“Everything’s been said. But no one was listening, so we have to keep saying it.” — Anonymous.
I’ve said this before, I know. Look away if you want. I won’t mind. Some of this applies across the board, but this is mostly for the short story people out there.
Ok, tough guys of all genders, do you really think you’re ready for this? Of course you do, and why shouldn’t you? You’ve endured the long hours with nothing but you and a blank screen. You’ve endured the rejections. You’ve endured the shoestring operations that either lose your submissions or close up shop before they publish that story they bought from you, the one that was going to make your reputation overnight. Your grin may have been more grimace for a bit, but you got through it. Now you sneer at editorial indifference, you scoff at bad reviews. You’ve been assayed, weighed in the balance, proven. You’re starting to break through; the venues are getting better, the checks are getting larger. This is no small accomplishment. You’re in. You’ve done it. You’ve passed all the tests.
Not all. There’s still one test left. And while we’re at it, how good are you at being ignored?
Was that a collective “Huh? What’s he on about? I’ve been reviewed in Locus! I even get fan mail now and then. I’m not being ignored.”

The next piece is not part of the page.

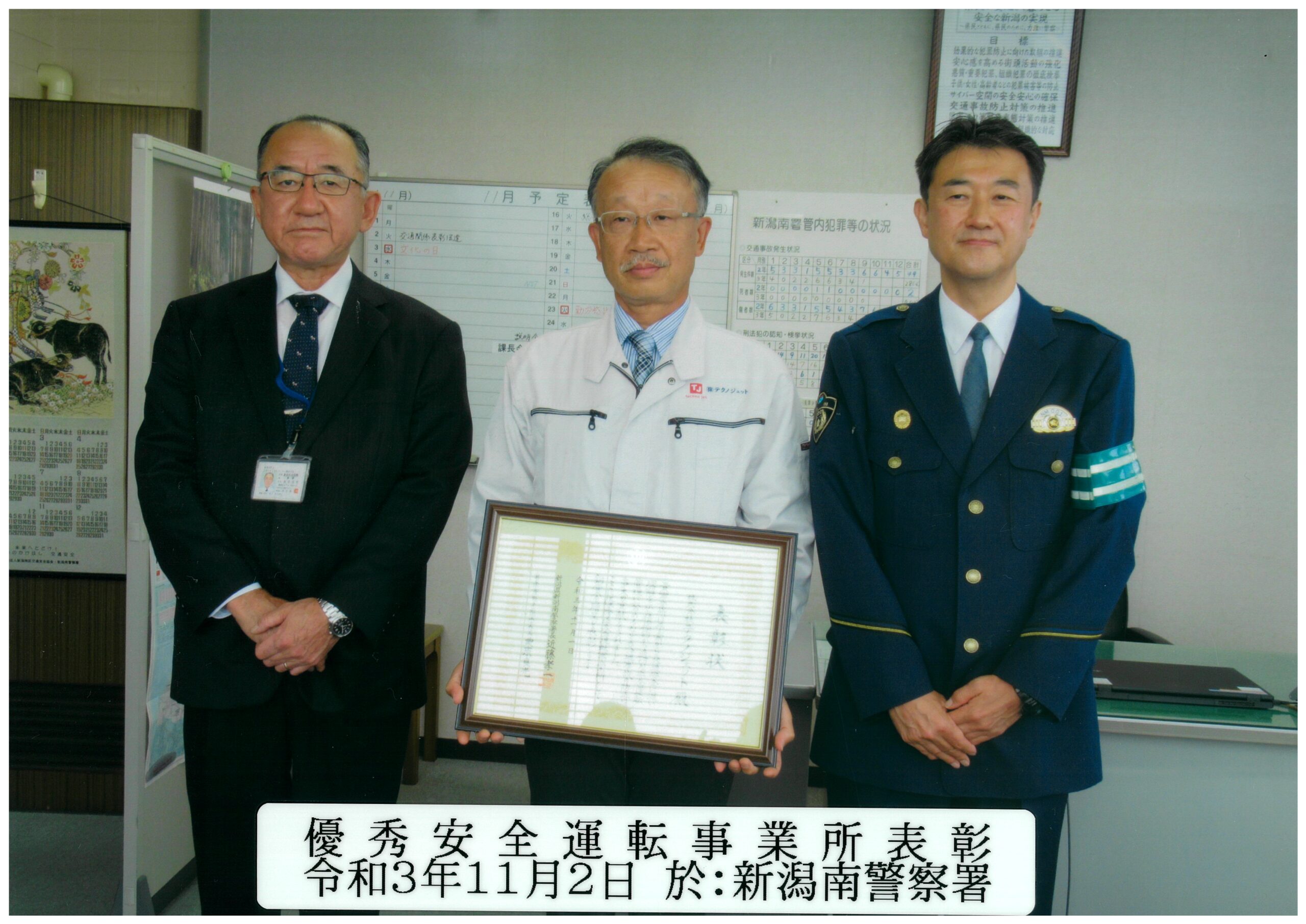 優秀安全運転事業所として表彰を受けました 2021年11月18日 株式会社テクノジェットのホームページをご覧いただき、ありがとうございます。 この度、新潟南警察署長様と自動車安全運転センター理事長様より、「優秀安全運転事業所」として銅賞を受賞いたしました。 昨年、同じ時期に金賞をいただきまして、今年も銅賞をいただくことができました。 これもひとえに、社員一人一人が日頃から安全運転を心がけてくれているおかげだと思います。 これからも思いやり運転を心がけて、無事故無違反を達成していけたらと思います。
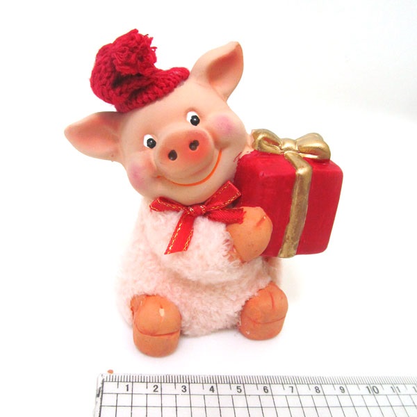 Сувенир керамический фигурка Свинка в шапке с подарком Вител (2) DSCN6878

At least until your first collection, odds are that the only reason you got reviewed was because you’re one more name that happened to be in a ToC assigned to that particular reviewer, and even that’s no guarantee. Reviewers can and often do skip stories that either don’t interest them or they feel they have nothing to say worth saying about that story. Reader feedback is more promising, but such responses are usually few and far between. Unless you’re one of those few writers who strikes it hot with your first few pieces, you’re just one more horse in the race. And, as you may have noticed, there are a lot of horses in this race. In short, and please get this through your skull now, it’s important–so far as this field is concerned, No one cares. Presumably your friends care, and your family likewise, but the field of speculative fiction? Step in front of a bus tomorrow and you’re one column inch in next month’s Locus. Maybe. That’s it.
“But what about my work?”
What about it? Do yourself a favor: the next time you’re at a flea market or the right kind of used book store, look through a pile of mouldering old magazines from the fifties, sixties, seventies, and check out the ToC of a few. How many of the names there have you even heard of, let alone read, before that moment? All those people whose names aren’t Bradbury or Leiber or Zelazny. These people — with a few exceptions — were producing professional, salable work, sometimes for many years. They’re where you are now. And they were never more than one more name on a ToC. Now, years later, they’re not even a footnote. Read an obituary in Locus about some writer that died six months or a year back and the field is only now noticing. Maybe the obit lists what magazines they published in, maybe a couple of old Ace Doubles or a Belmont Tower novel written forty years before you were born. Maybe they’ll even find someone who knew them when to say a few words. But did you know who they were? Had you ever read anything they ever did? Pick a name. Study it carefully. Realize, to the core of your being that, chances are, in twenty or thirty or forty years that’s going to be you.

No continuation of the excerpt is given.